TAS resistance to MNase digestion includes non-histone components.Average occupancy (top panels) and heatmaps (bottom panels) relative to TAS for (A) Average H3 signal obtained from H3 MNase-ChIP-seq for T. brucei (GSM2586510); (B) R-loops obtained from DRIP-seq (ERR2814820); (C) Rpb9 ChIP-seq (SRR5466331) and (D) MNase-seq (GSM2407366). The regions represented into every heatmap keep the sorting following the distribution of the R-loop signal from higher (Red) to lower (Blue) density.
These analysis show that the MNase protection detected at the TAS of early digested samples contain R-loops and might involve R-loop interacting proteins.
The TASs of single and multi-copy genes are differentially protected by nucleosomes
It was previously described that the genomes of trypanosomatids are compartmentalized into core regions holding mainly single-copy genes and species-specific disruptive regions that encode multigene families [27]. Particularly in T. cruzi, these two subsets of genes differ not only in their genomic distribution, but they also present different chromatin organization and gene expression levels. On one hand, single-copy genes display a more open chromatin, higher levels of gene expression and faster transcription rates compared to multi-copy genes [57–59]. To unveil if there was any difference at their TASs, we analyzed their average chromatin organization and we observed that the TASs are differentially protected from MNase digestion. Remarkably, single-copy genes harbor more accessible TASs with a mild NDR, while multi-copy genes show TASs fully occupied by nucleosomes (Fig 5A and S6A Fig, left panel). These chromatin arrangements are consistent with the higher levels of gene expression observed for single-copy genes compared to multi-copy genes (S6A Fig, right panel). This observation suggests that, despite transcription being mainly regulated post-transcriptionally in trypanosomes, chromatin organization might represent another layer of modulation to guarantee the appropriate maturation of the transcripts. To strengthen the functional link between NDR depth and gene maturation, we represented the average chromatin organization relative to the TASs for subsets of genes according to RNA-seq levels (S6B Fig). We observe that the more express the gene the deeper the NDR observed at the TASs. Additionally, by representing FAIRE-seq signals relative to the TAS for these two subsets of genes, we corroborated that the TASs of single-copy genes display a more open chromatin than multi-copy genes (Fig 5B).

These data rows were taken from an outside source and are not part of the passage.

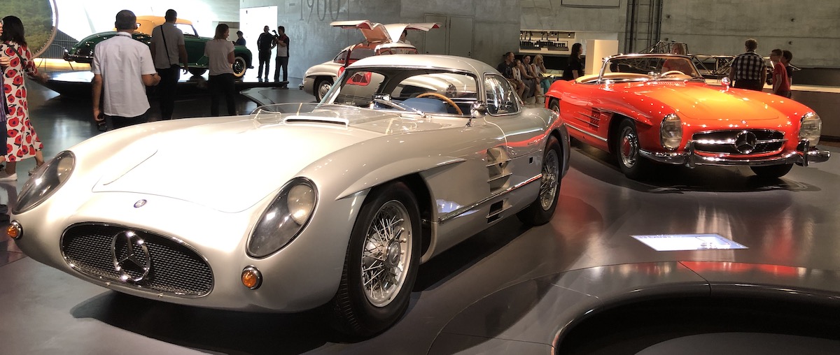 Das Mercedes Benz Museum in Stuttgart lädt zu einem Rundgang durch die Automobilgeschichte, und das ohne Besucher zu erschlagen. Im futuristisch anmutenden Brutalismus-Bau des Museums wandern die Interessierten von der obersten Etage – hinaufgebracht durch was man nicht anders als Silberpfeilaufzügen bezeichnen kann – in Spiralen abwärts von den Anfangszeiten über 100 Jahre in die Gegenwart und Zukunft.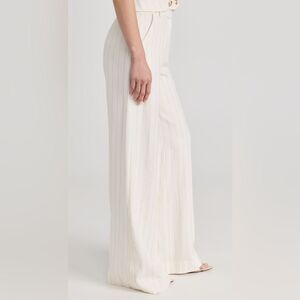 L'Agence Pilar Wide Leg trouser linen Pant cream metallic gold pin stripe 2. NWT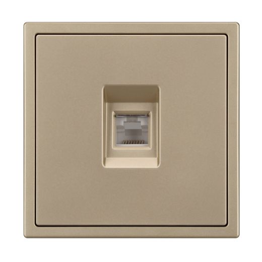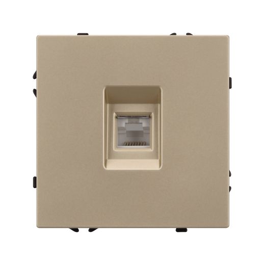 Механизм телефонной розетки. Цвет - золотой песок, с Soft-Touch покрытием. Без фронтальной рамки. Уровень пылевлагозащиты IP20. Тип подключаемого разъема - RJ11. Розетка устанавливается в стандартный подрозетник круглого сечения диаметром 60мм.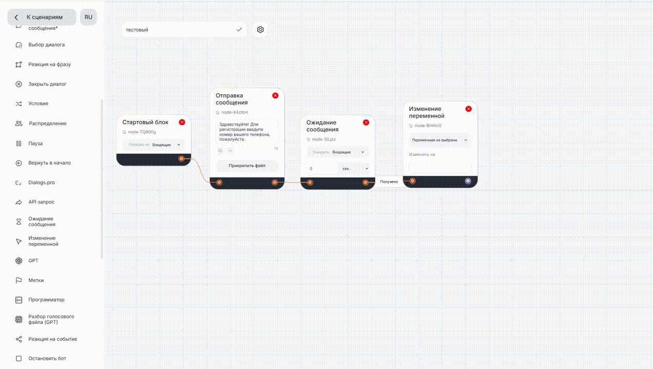 Результаты работы блока можно использовать в других блоках сценария.Через меню переменных доступны:
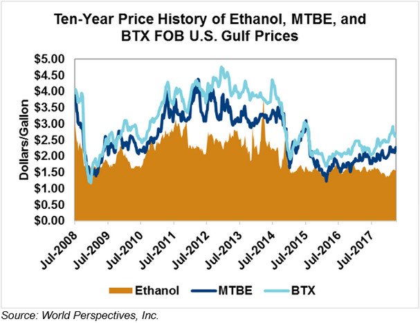 MTBE prices were up slightly last week (up 0.8 percent by Friday), ending a four-week downturn. MTBE FOB U.S. Gulf prices are 2.7 percent higher through Tuesday’s trading and are at a 22.359 cents/liter (84.64 cents/gallon) premium to FOB Houston ethanol.

Chromatin organization at TASs in single and multi-copy gene families.(A) Average histone H3 occupancy (top panel) and heatmaps (bottom panels) in a 1 kb window relative to the TAS for single (green) and multi-copy genes (blue) using T. cruzi histone H3 IP (SRR14691958). Red: High histone H3 density; blue: low histone H3 density. (B) Average FAIRE-seq signals were represented relative to the TAS in a 1 kb window for single (green) and multi-copy genes (blue) of T. cruzi using public data (SRR15902298) (left) and (SRR15902297) (right), respectively. (C) Average dinucleotide frequency for AA/TT/AT/TA (purple), CG/CC/GC/CG (orange) and other possible combinations (light blue) in a 100 bp window relative to the TAS for single and multi-copy genes.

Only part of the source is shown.